» ASSIGNMENT: Word for word, restate the lines of the data below between those holding "Cathy Mager /" and "丸太渡りやすべり台などがある", inclusive; pictures do not belong in the copy.

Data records

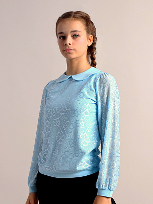 Джемпер для девочки с длинными рукавами и отложным воротником. Рукава из сетки с манжетами из кулирки. Полочка двойная - нижний слой из кулирки, верхний из сетки. Сзади застежка на пуговицу.
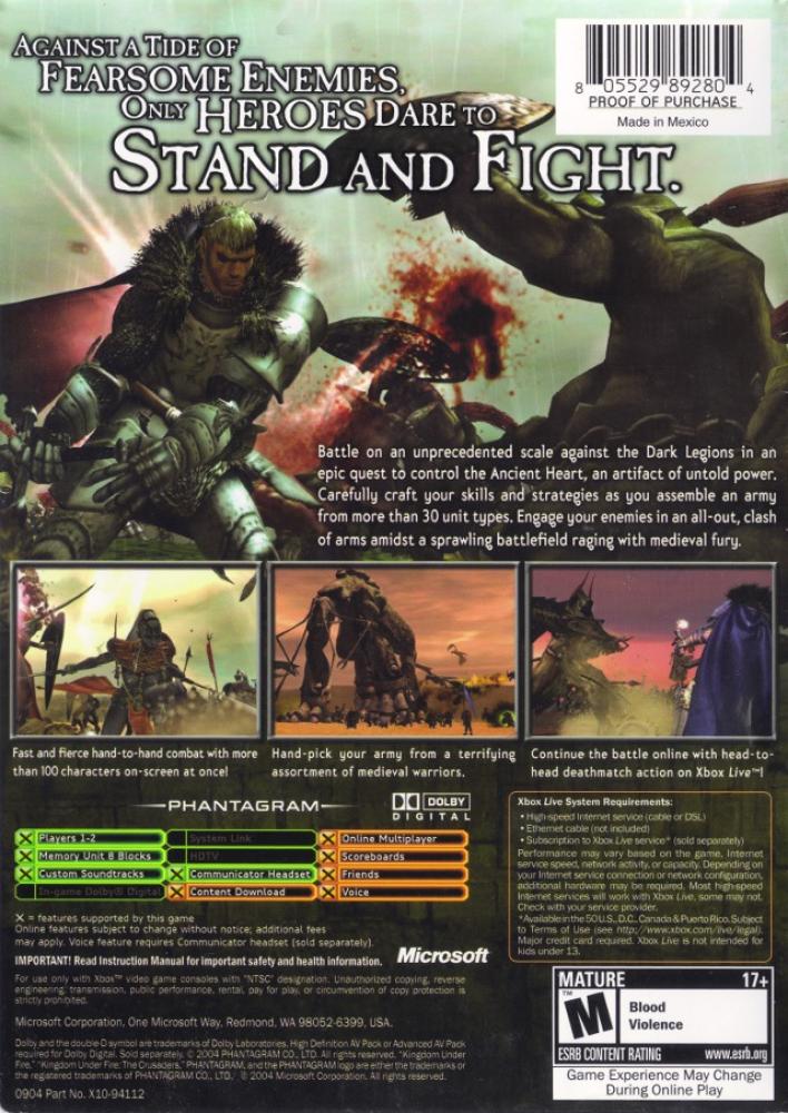 Imagine you're a military hero in the Middle Ages, gallantly striking down the enemy and commanding friendly forces. Set 50 years after the events of Kingdom Under Fire, The Crusaders lets you lead hundreds of troops into war, while managing resources, augmenting your forces, and developing your combat strategies. You can choose to play as one of two races, Humans or Dark Legions, and you can select one of several character types within each race. While moving across the continent, you can stop by castles, gain endorsements from feudal lords, hire mercenaries, replenish or change equipment, and more.
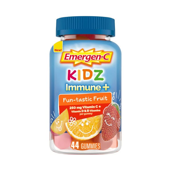 • 44 count bottle of Fun-tastic Fruit flavored Emergen-C Kidz Immune+ Immune Support (1) Dietary Supplements, Flavored Gummies with Vitamin C, B Vitamins and Vitamin D
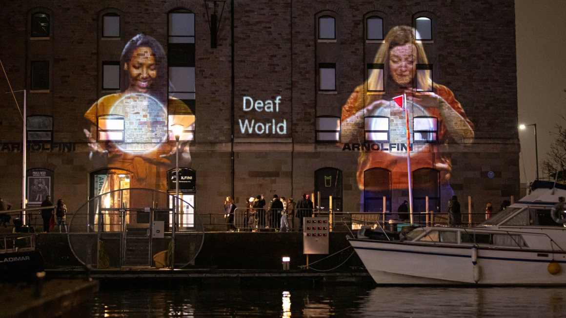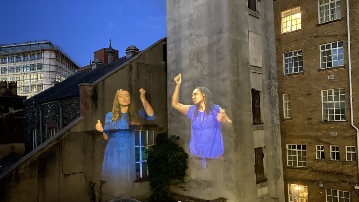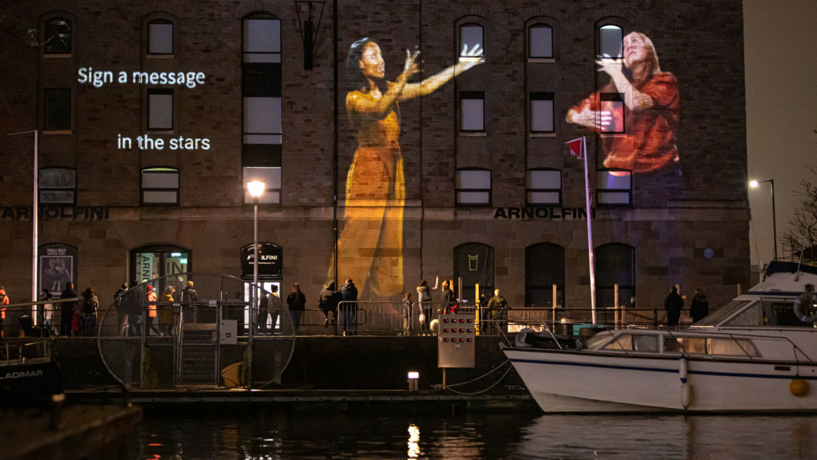 Cathy Mager / Großbritannien 2020 / 6:30 min / Omd/eU (SDH)Träume für die Zukunft, Botschaften an den Nachthimmel: Die gehörlose britische Künstlerin Cathy Mager inszeniert ein poetisches Zwiegespräch zweier Liebender in britischer Gebärdensprache als raumgreifende Projektion auf Gebäude im Zentrum von Bristol. Die faszinierende Installation – der Abschluss eines sehr aufwändigen Entstehungsprozesses in durch den Lockdown erzwungender Distanz – untersucht Kommunikationsbarrieren, die durch das Tragen von Masken entstehen, und die soziale Isolation, die viele gehörlose Menschen während der COVID-19-Pandemie erlebt haben.
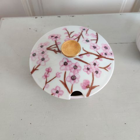 sukkerskål og fad i porcelæn med håndmalet blomsterdekor og guldkant. Sukkerskålen har låg og to håndtag, fadet har to udskårne håndtag. Produkterne er dekoreret med naturtro blomster i afdæmpede farver.
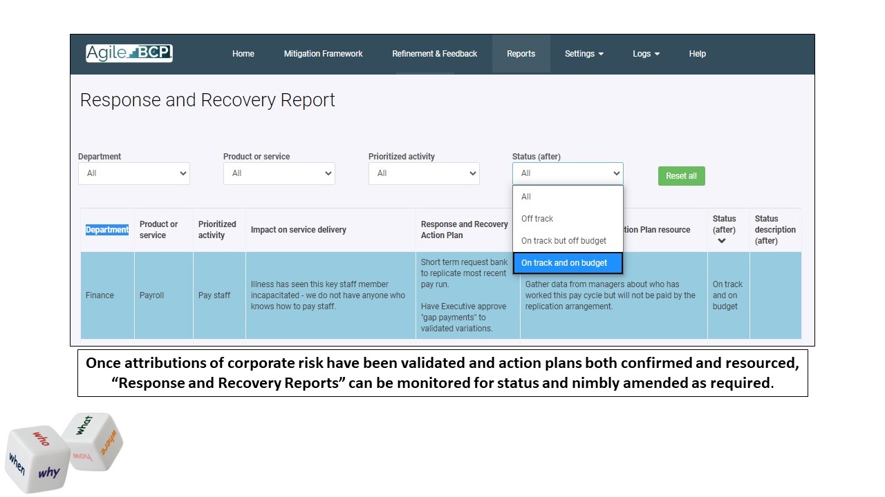 AgileBCP® enables you develop and apply your own thresholds – to reflect requirements of your context.
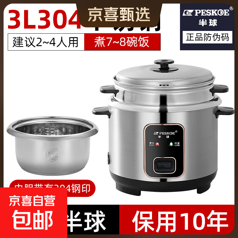半球电饭锅家用多功能 304不锈钢无涂层内胆可蒸煮 2-6升l1-8人用单人小型宿舍用 一键老式电饭煲 304不锈钢内胆+普通不锈钢笼 3L 2-4人
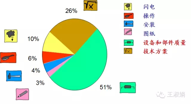 設(shè)備故障和檢修時造成系統(tǒng)效率低的一個重要原因。下圖統(tǒng)計了光伏電站故障原因,其中一半都是來自于設(shè)備。
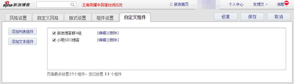 正所谓心急吃不了热豆腐,所以在养博客方面我们也不能心急,博客一般需要养30天左右的时间。做好之后接下来就是把博客如何把博客聚集起来。记住,不管做什么大的外链集群,千万别设置什么链接规律,一句话:相互链接的形式越乱越好,没错,我这里说的是越乱越好!具体的做法,我们我们把链接做成锚文本的形式,就是用上述的“昵称”作为关键词就行,然后把它们放到表格中,随机打乱,分成数量不一的不同小组。然后将这若干的新浪博客小组群随机添加一组到单个新浪博客上面,具体的步骤是:点击新浪博客页面设置,然后直接添加文本组件就可以了,如下图:
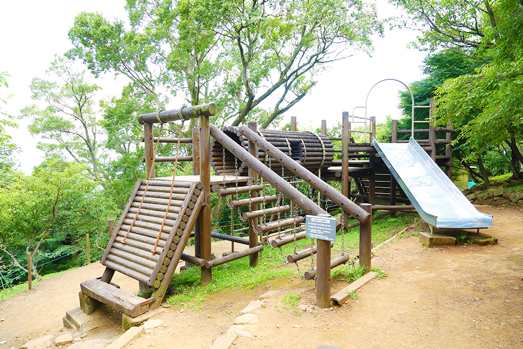 丸太渡りやすべり台などがあるアスレチック施設。自然の中で遊べば、爽快感もひとしおです。
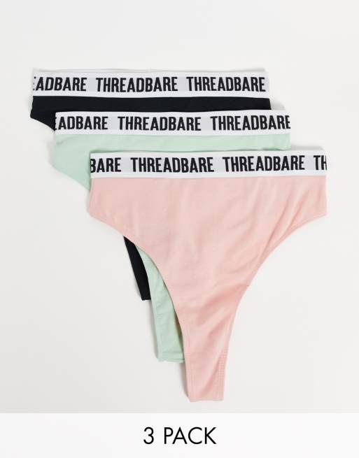 Threadbare – Zestaw 3 par stringów z podwyższonym stanem w kolorze różowym, zielonym i czarnym
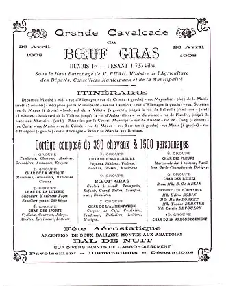 - ↑ La Cavalcade du Bœuf Gras, Le Petit Parisien, 2 avril 1906, page 2, 5e colonne.
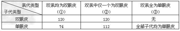 2、填空题 某校高一年级研究性学习小组调查了人的眼皮遗传情况,他们以年级为单位对班级的统计进行汇总和整理,见下表:试分析表中情况,并回答下列问题:

» YOUR RESPONSE:
 Cathy Mager / Großbritannien 2020 / 6:30 min / Omd/eU (SDH)Träume für die Zukunft, Botschaften an den Nachthimmel: Die gehörlose britische Künstlerin Cathy Mager inszeniert ein poetisches Zwiegespräch zweier Liebender in britischer Gebärdensprache als raumgreifende Projektion auf Gebäude im Zentrum von Bristol. Die faszinierende Installation – der Abschluss eines sehr aufwändigen Entstehungsprozesses in durch den Lockdown erzwungender Distanz – untersucht Kommunikationsbarrieren, die durch das Tragen von Masken entstehen, und die soziale Isolation, die viele gehörlose Menschen während der COVID-19-Pandemie erlebt haben.
 sukkerskål og fad i porcelæn med håndmalet blomsterdekor og guldkant. Sukkerskålen har låg og to håndtag, fadet har to udskårne håndtag. Produkterne er dekoreret med naturtro blomster i afdæmpede farver.
 AgileBCP® enables you develop and apply your own thresholds – to reflect requirements of your context.
半球电饭锅家用多功能 304不锈钢无涂层内胆可蒸煮 2-6升l1-8人用单人小型宿舍用 一键老式电饭煲 304不锈钢内胆+普通不锈钢笼 3L 2-4人
 設(shè)備故障和檢修時造成系統(tǒng)效率低的一個重要原因。下圖統(tǒng)計了光伏電站故障原因,其中一半都是來自于設(shè)備。
 正所谓心急吃不了热豆腐,所以在养博客方面我们也不能心急,博客一般需要养30天左右的时间。做好之后接下来就是把博客如何把博客聚集起来。记住,不管做什么大的外链集群,千万别设置什么链接规律,一句话:相互链接的形式越乱越好,没错,我这里说的是越乱越好!具体的做法,我们我们把链接做成锚文本的形式,就是用上述的“昵称”作为关键词就行,然后把它们放到表格中,随机打乱,分成数量不一的不同小组。然后将这若干的新浪博客小组群随机添加一组到单个新浪博客上面,具体的步骤是:点击新浪博客页面设置,然后直接添加文本组件就可以了,如下图:
 丸太渡りやすべり台などがあるアスレチック施設。自然の中で遊べば、爽快感もひとしおです。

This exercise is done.